Though, I hope that these guys don't hate me for this. They are awesome instrumentally and a bit vocally-challenged all told. They are very good but they have an industry standard to meet - and that would be the Raving Daves of PeopleSoft and now, I'm happy to say, Workday!! Still the greatest corporate band ever to hit the world and actually, just a good band....period. They are so good, check out their website. I think that SugarCRM should work at it awhile and challenge them to a play-off, post it on YouTube and we'll get everyone to vote. In fact, go here and listen to some of their music. Its something to think about, SugarRock v. The Raving Daves. Competition is good, right?

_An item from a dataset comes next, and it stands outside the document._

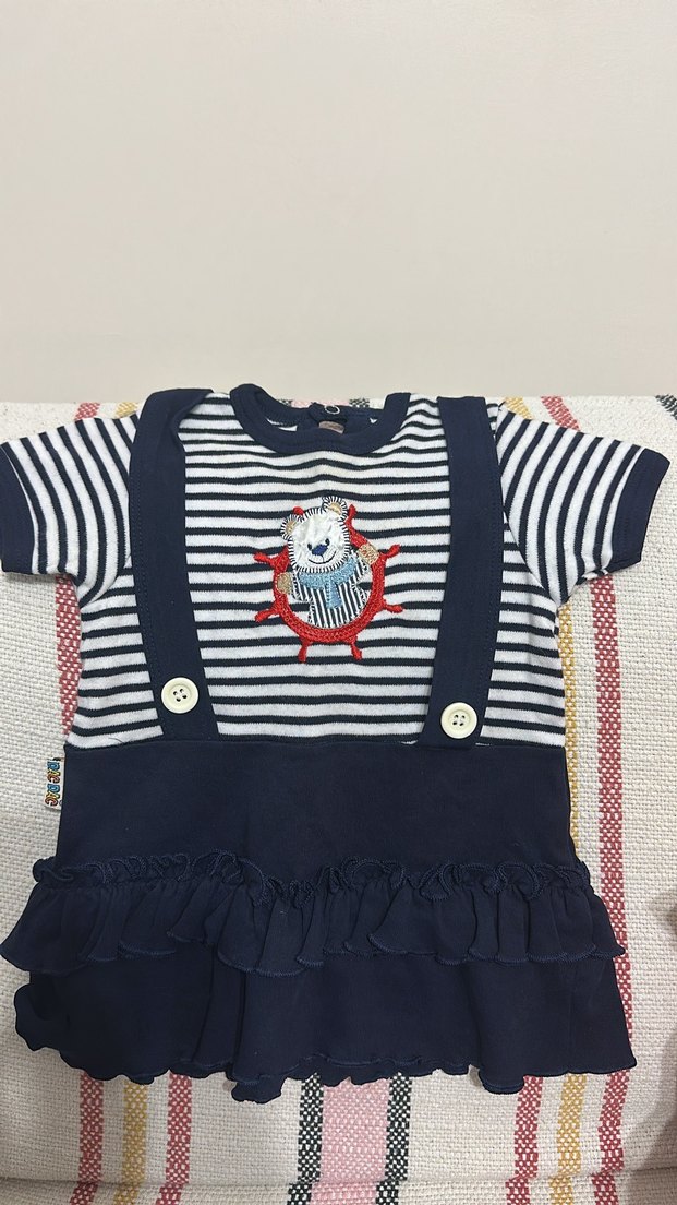Kısa kollu, bisiklet yaka ve fitted kesime sahip kız çocuk elbise Lacivert ve beyaz çizgili, etek kısmında fırfır detayı bulunur. Yumuşacık %100 koton kumaş triko defosuz temiz

That said, this was not just a good party but the conference itself was extremely well planned and well done and had some of that high spirited sense of community. What was particularly interesting to me was to see the genuine interest the customers, the partners and the developers had for the company, the people and the product itself. They liked it, sure, but they were INTERESTED in it and where it was going . They seemed to feel they had a stake in its success, which is as Shakespeare said somewhere, a "devoutly to be wished" position for a vendor to be in. Part of that was there seems to be an open culture and I hear from my friends at SugarCRM that they enjoy the ride they are on. Not something I've been hearing from too many of the CRM companies these days. Now I hear all the time that they are well run or they are producing excellent products or that they are doing some great things (and all of that, for the companies I hear about that - is true) but I don't hear much about enjoyment of the work and the ride. I hear it with SugarCRM now (and with Workday) and used to hear it with other companies a few years ago. But to hear startup excitement and rocking in a company that's no longer a startup is exciting unto itself - and for that, SugarCRM, I salute you.
Does that exempt them from my critique of their products? No. But from me, it gets some real admiration. Life is short and since work is part of life, work should be enjoyable too. Not just play. But when you get to play well - while executing the business plan - and then instrumentally - Now THAT is a big, big plus.